Придя к такому заключению, Нина Николаевна решила больше не думать о графе Олинском. Но решить и исполнить не одно и то же. Чем больше она уверяла себя, что она не должна думать о легкомысленном, скверном мальчишке, тем больше о нем думала. Мало того, она желала знать, что делает вероломный, не вскружила ли какая красавица ему голову. Старая няня Ильинишна пришла своей милой барышне на помощь, и за молодым графом был учрежден негласный женский надзор.
До сих пор все наблюдения не имели никакого успеха. Хотя Ильинишна и уверяла, что крестник ее Степка как гончий ходит по пятам графа Казимира, но на след измены напасть не может. Никогда он не видел его ни с одной женщиной, а из тех дам, которые бывают в доме его родителей, нет ни одной молодой… Что-то принесет он сегодня? Ильинишна говорит, что Степан напал, кажется, на след. Вчера вечером у Казимира было назначено с кем-то тайное свидание… Пора бы ему было прийти…
Молодая девушка в беспокойстве вышла в сад. Стояла ранняя весна, деревья еще не распустились, и аллеи сада были еще сыры от недавнего снега. Молодая девушка не обращала внимания ни на сырость, ни на резкий ветер. Она углублялась в сад все больше и больше. Шорох в кустах привлек ее внимание. Она остановилась и стала прислушиваться. Голос был знакомый.
— Где пропадал так долго? — сердито спрашивала Ильинишна.
— Раньше никак не мог, крестная, — отвечал молодой голос с польским акцентом. — Ксендз задержал, уйти было нельзя, а то он стал бы подозревать.
— Какой ксендз?
— Э, да вы ничего не знаете, правда, я вам не рассказывал; некогда было… Встретил я как-то на улице ксендза Колонтая, он знал мою покойную мать, а потому и остановил меня и стал бранить за то, что я принял православие. Сперва я хотел было вспылить, а потом вспомнил, что Колонтай духовник графов Олинских, днюет там и ночует, думаю, ссориться с ним не следует… от его ругани хуже я не стану, пускай ругается. Дал ему отвести душу, а потом бух ему в ноги. «Прости меня, благочестивый отец, согрешил я, проклятый, и каюсь теперь, молод был, сирота, ну и сбили меня схизматики с толку». Говорю ему я это, а сам заливаюсь горючими слезами и полы его кафтана целую. Вижу, ксендз мой ласковым становится. «Бог милосерд, — говорит он, — он кающуюся грешницу простил и тебя простит, покайся только и вернись в лоно святой католической Церкви». — «Ох, святой отец, — говорю я, — я осквернил святую Церковь, Бог не простит меня». — «Простит, покайся». — «Научите, святой отец». — «Что ты теперь делаешь?» — «Ребят малых учу грамоте». — «В свободное время приходи ко мне». Вот с тех пор я то у ксендза, то в лакейской графов Олинских.

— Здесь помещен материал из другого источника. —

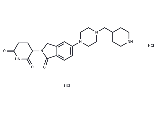 – O=C1C=2C(CN1C3C(=O)NC(=O)CC3)=CC(=CC2)N4CCN(CC5CCNCC5)CC4.Cl.Cl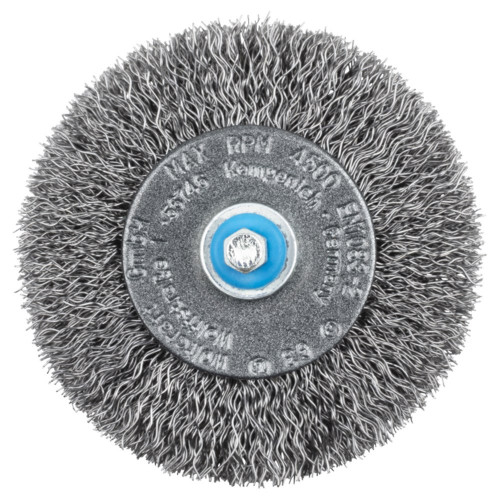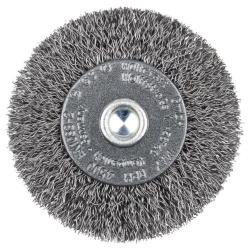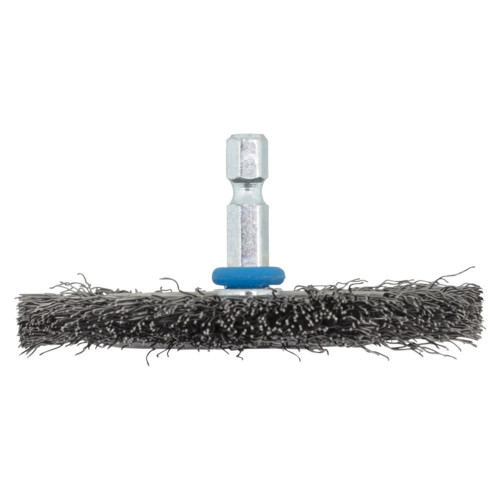Staaldraad-schijfborstel. Ø 75 mm. Hoogte bezetting 16 mm. Schacht zeskant. Lengte draad 17 mm. Voor ontroesten en reinigen . Ter voorbereiding van soldeer- en laswerkzaamheden. Goed geschikt Metaal, Plaat . Voorwaardelijk geschikt Non-ferrometaal, hout, Steen
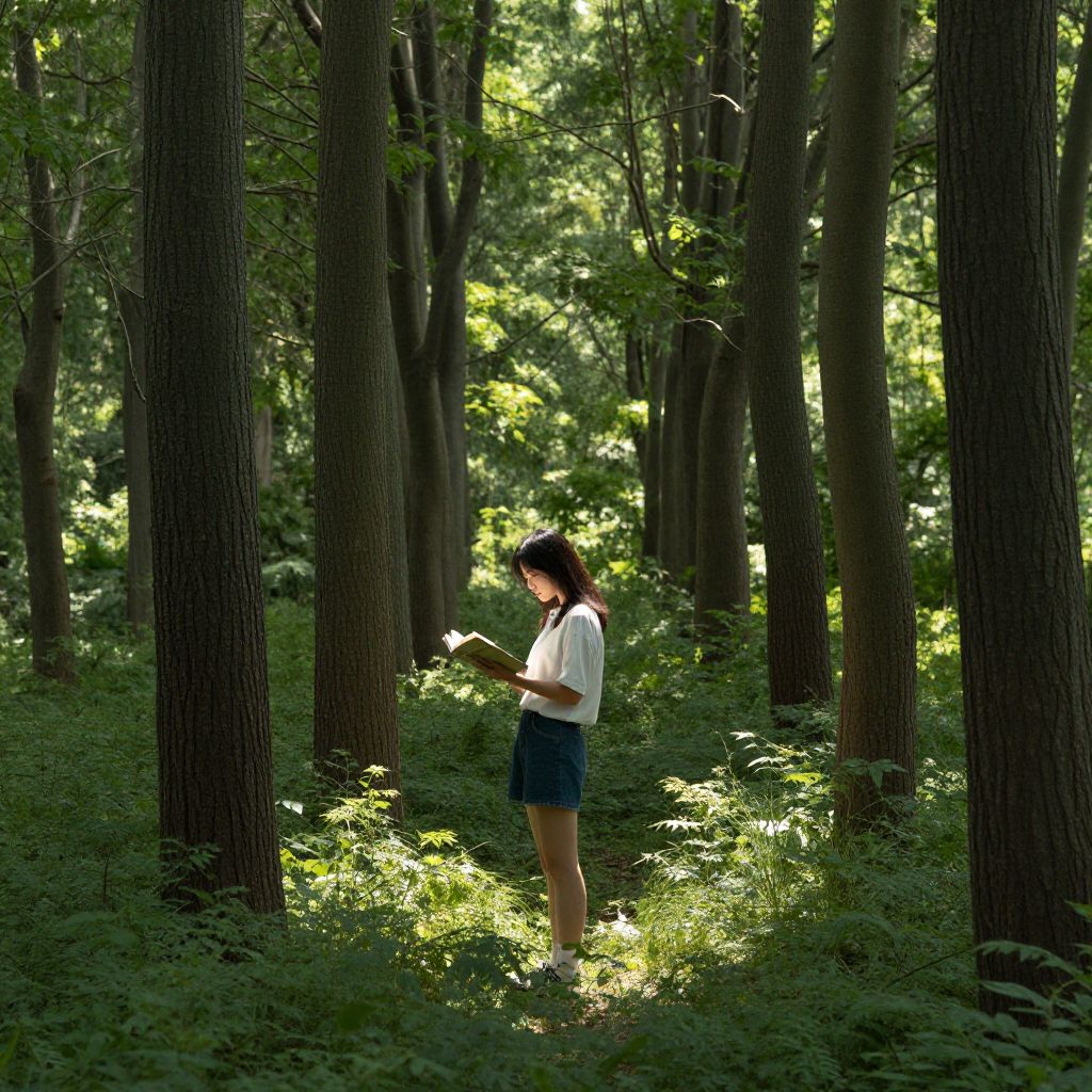 A young woman stands amidst a serene forest, surrounded by towering trees and lush greenery, while reading a book illuminated by dappled sunlight filtering through the canopy.

С камердинером молодого графа, с Яном, мы большие приятели. Он так обрадовался, что я перехожу в католическую веру снова, что не знает, где меня посадить, чем потчевать.
— Да ты с ума сошел, Степка, — озлилась старуха, — снова в католическую.
— Да вы, крестная, не сердитесь. Не сума же я переметная. Что мне ксендз, знаю я им цену, а Колонтаю в особенности, если бы я мог, я бы старого развратника в порошок стер, да не в том дело. Мне нужно было сделаться в доме графа Олинского своим человеком, а как было сделать это? Колонтай подвернулся и помог, а почему? Потому что я прикинулся кающимся грешником… Ну так вот, только не перебивайте меня, крестная, а то я путаюсь. Начал ксендз меня наставлять, доказывать, что наша вера, сто чертей ему в зубы, все равно что языческая, а католическая — божеская. Заставлял меня читать литании, а потом мало-помалу начал меня расспрашивать, бывал ли я у вас, знает ведь, что вы моя крестная. Я ему ответил, что я прежде бывал, а теперь перестану бывать и… вы уж меня извините, крестная, ругнул вас ксендзу в угоду, старой ведьмой назвал… Простите, ведь я не от сердца, — и молодой человек стал целовать руки старухи.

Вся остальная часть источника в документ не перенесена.